Shale reservoirs have attracted significant attention owing to the growing global demand for energy in the 21st century [13]. The shale formation is defined as a geological layer primarily composed of shale, a sedimentary rock type, typically exhibiting a high content of organic matter. The pore structure within shale formation encompasses pores spanning scales from the nanometer to the micrometer, consequently leads to exceptionally low permeability [46]. Furthermore, natural fractures are developed within shale reservoirs [7, 8].

The complex fracture networks (CFNs) is generated as a result of large-scale volumetric fracturing. Gas huff “n” puff injection is one of the effective methods to enhance oil recovery (EOR) in developing shale oil reservoirs [912]. Molecular diffusion mechanism plays an important role for EOR by gas huff “n” puff in developing shale oil reservoirs with CFNs [1316]. Thus, it is critical to develop a numerical simulator that is able to precisely simulate molecular diffusion in shale oil reservoirs with CFNs for researching on the mechanism of gas huff “n” puff to EOR.

Diffusion coefficient is one of the most crucial variables for describing diffusive transfer. In order to accurately calculate it, numerous academics developed several methodologies, such as Wilke–Chang correlation [17], Sigmund method [18, 19], Hayduk–Minhas correlation [20], extended Sigmund method [21], Maxwell–Stefan (MS) equation with thermodynamics [22], MS equation considering thermodynamics and fluid viscosity [23]. Considerable effort has been devoted to determining the calculation methods of diffusion coefficient for various reservoirs [2426]. However, research on such methods for shale oil reservoirs remains relatively limited. Du and Nojabaei [27] pointed out that extended Sigmund correlation is suitable to predict diffusion coefficients. Extend Sigmund correlation, consequently, is adopted to estimate diffusion coefficients in this paper.

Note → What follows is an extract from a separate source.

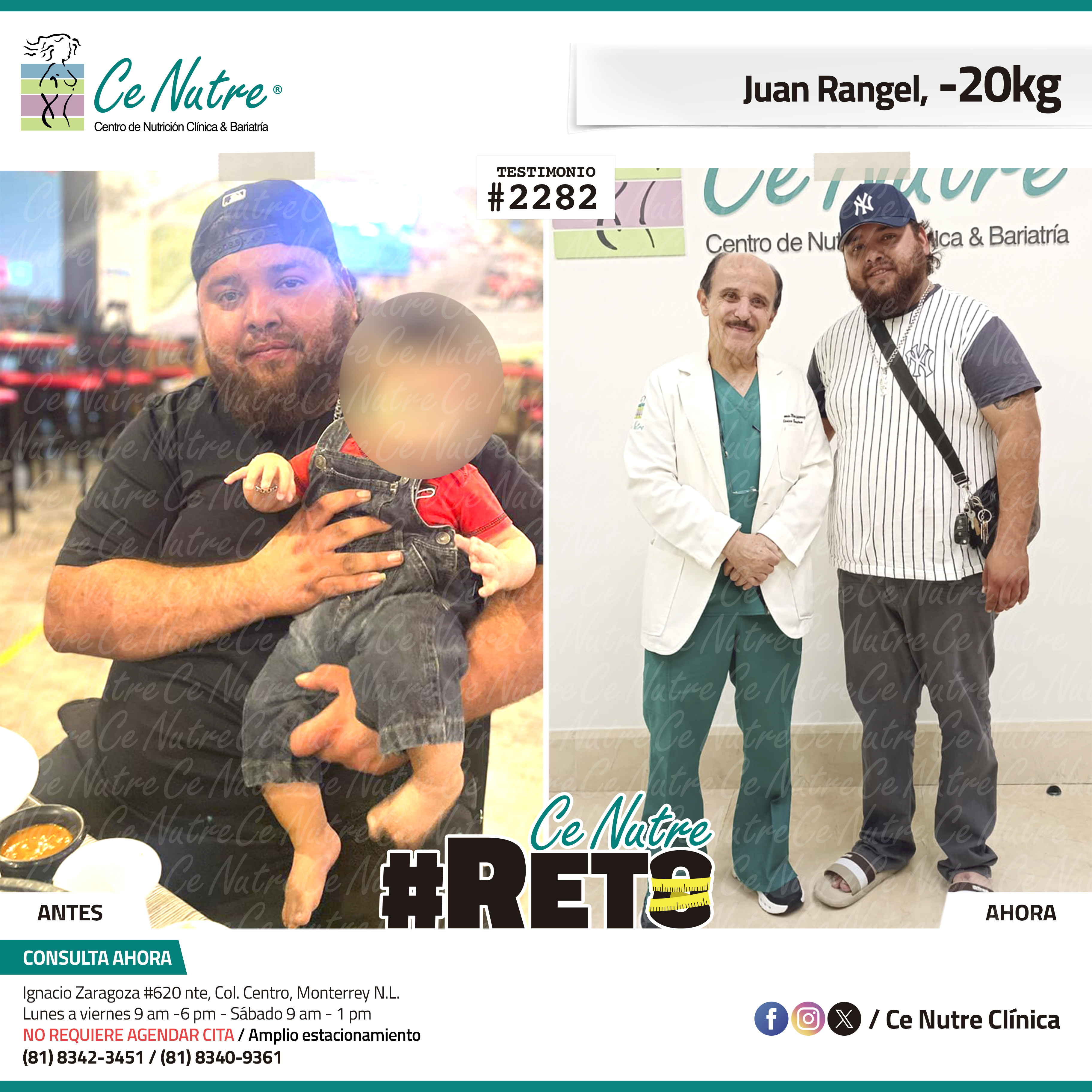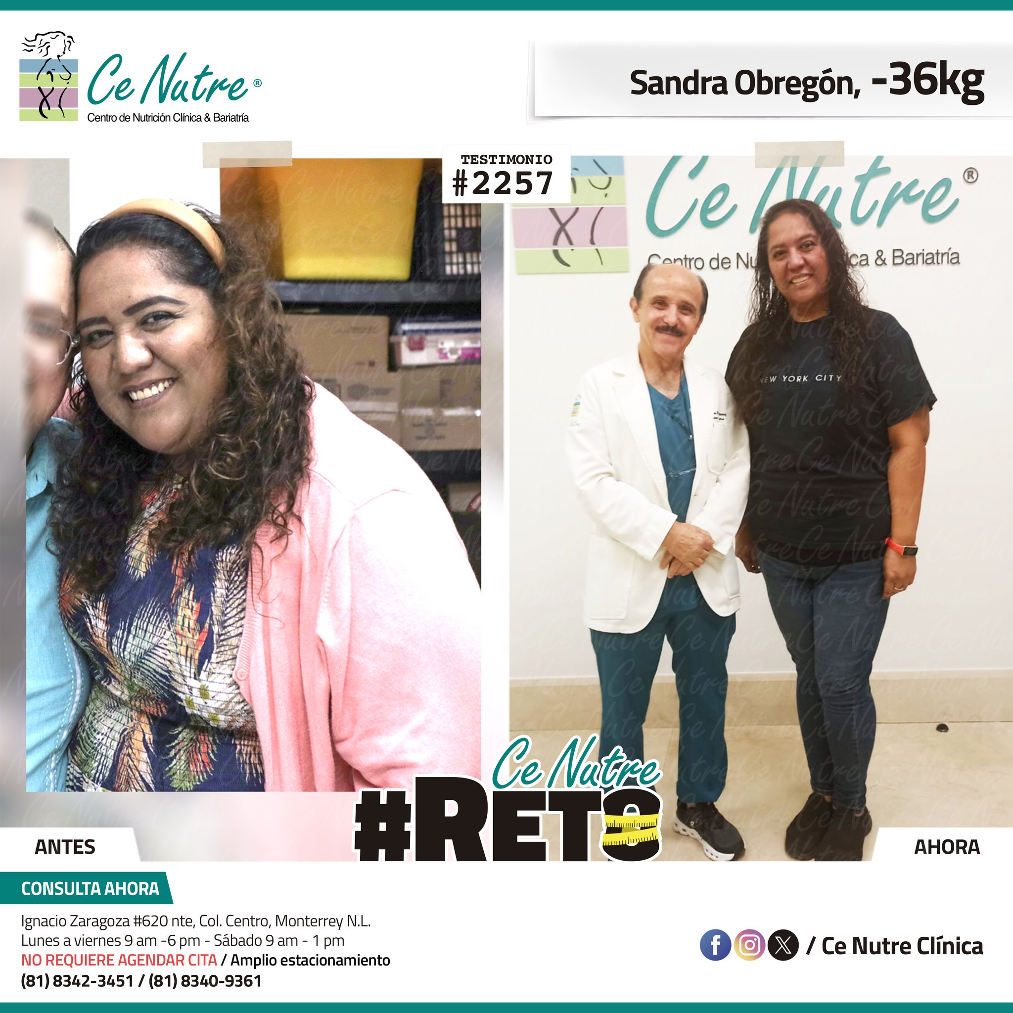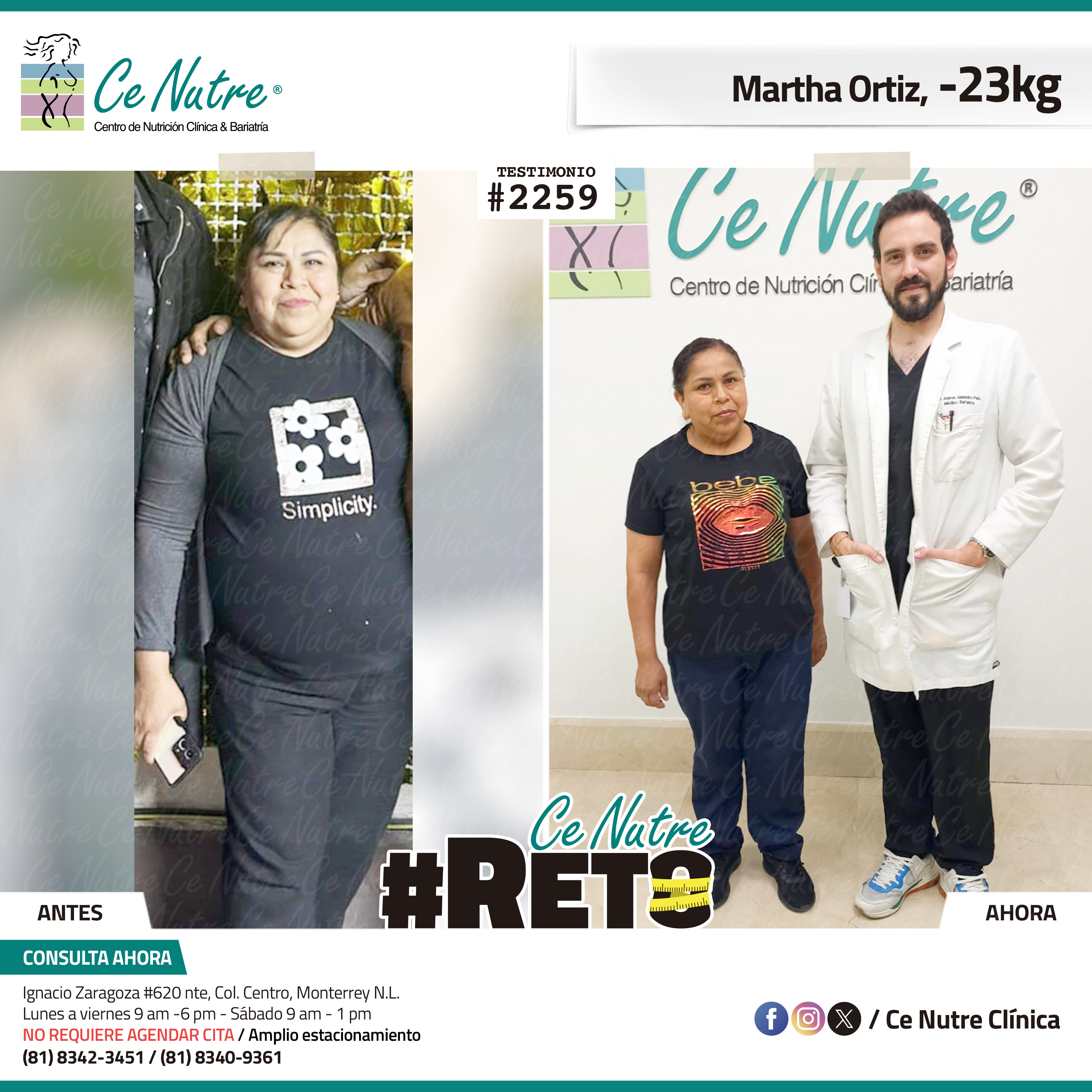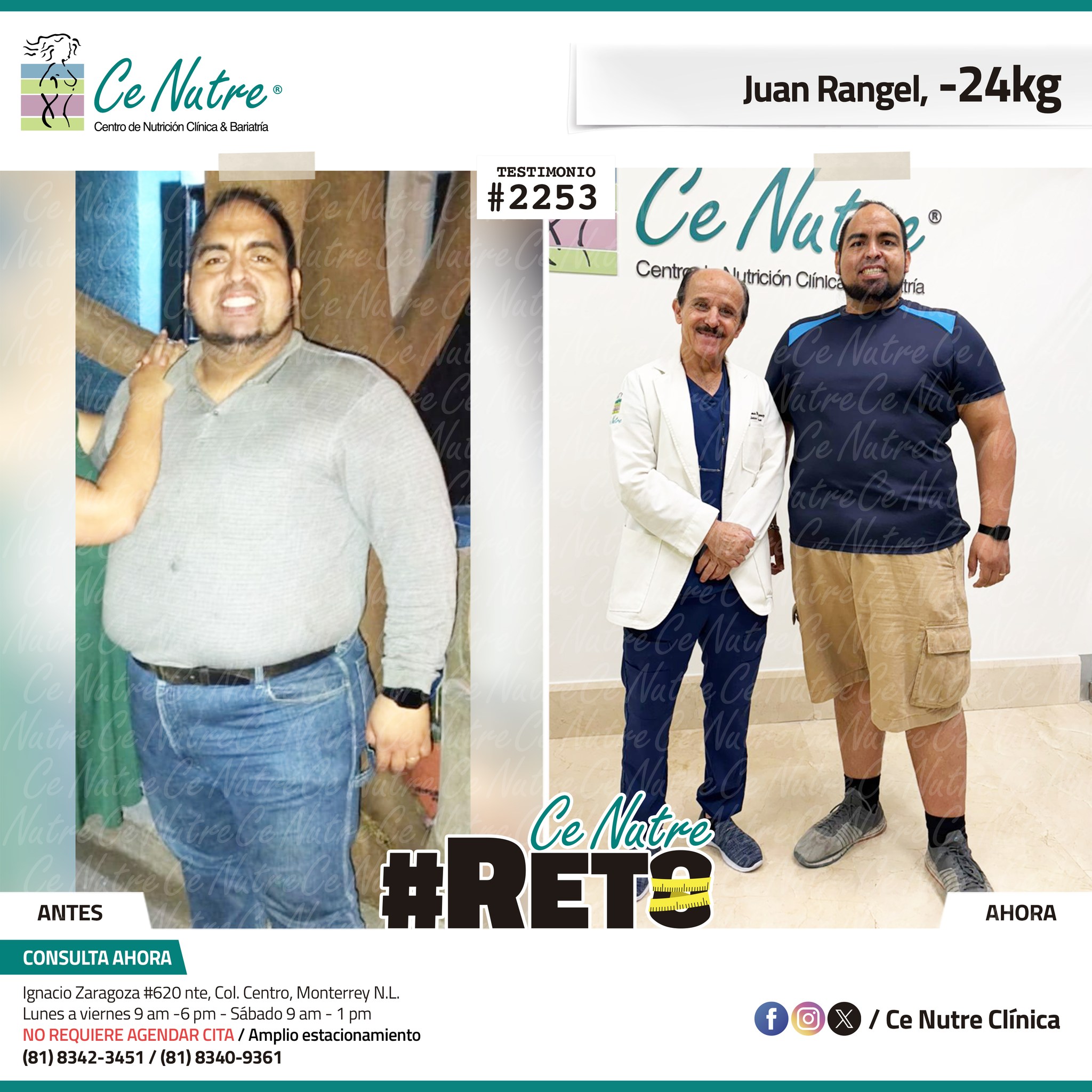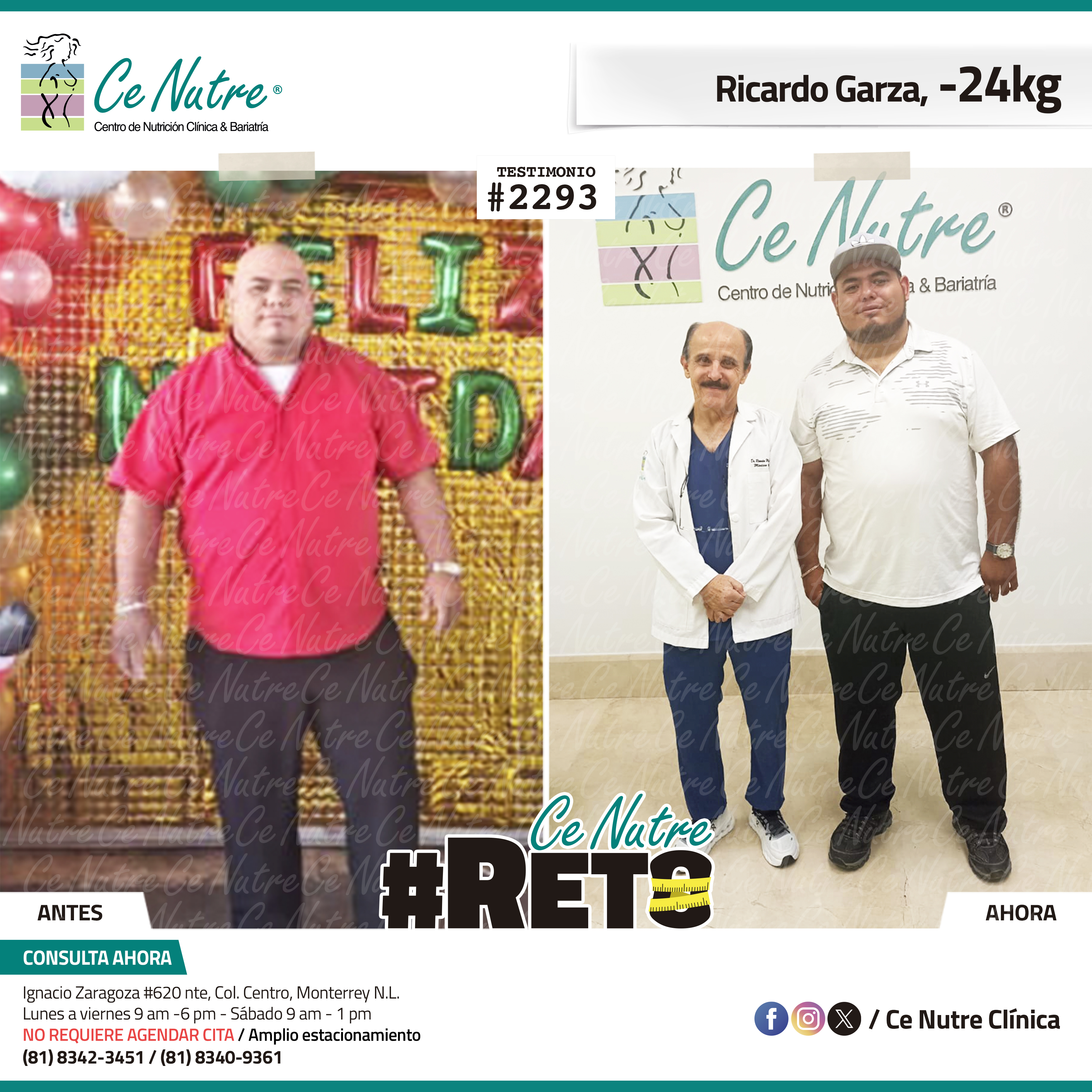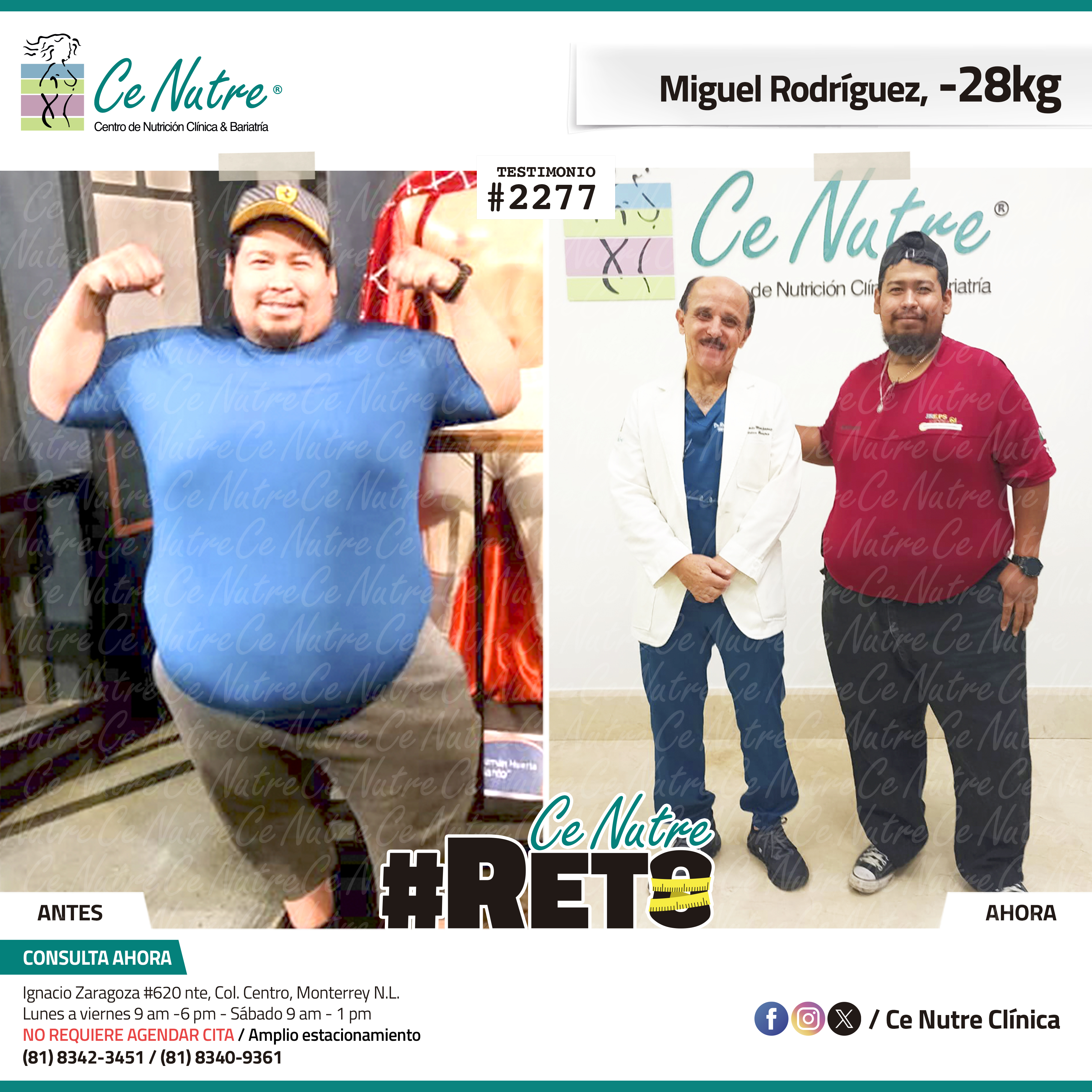 “Hola mi nombre es Adrian Torres y llegué a Ce Nutre por recomendación de mi pareja, tomé la decisión de venir ya que al realizar ciertas actividades en mi trabajo empecé a tener dificultades, estoy feliz de poder compartirles que me siento muy bien con la pérdida de peso que he logrado, no solo se trata de los números en la báscula, sino de la energía y la confianza que he recuperado. Cada día me siento más fuerte, más saludable y más cómodo conmigo mismo. Esto ha sido un desafío pero con mucha disciplina y siguiendo las indicaciones de los nutriólogos he obtenido muy buenos resultados, se los recomiendo.”

Reservoir modeling constructs CFNs based on the mathematical models for characterizing these networks, which directly influence the accuracy of mass transfer simulations within them. For the purpose of simultaneously simulating convection and molecular diffusion in fractured shale oil and gas reservoirs, several scholars developed various numerical models. By integrating dual porosity approach with discrete methods, such as finite difference method, finite volume method (FVM), and numerous simulation models were constructed to simulate mass transfer by diffusion for fractured reservoirs with multiphase [2830], and key fracture parameters were calibrated using history matching methods [31]. Some researchers developed a more comprehensive model, namely, dual-fracture triple-porosity model, in which there are two kinds of fractures and three types of porosity [32]. A multiple interacting continua method (MINC) was also utilized to simulate mass transfer of diffusion in fractured oil reservoir [15, 33]. They constructed the numerical model for simulating mass transport of diffusion with the assumption that the fractured media is continua. However, in practical unconventional reservoirs, the distribution of fractures is discrete, even in a highly fractured media.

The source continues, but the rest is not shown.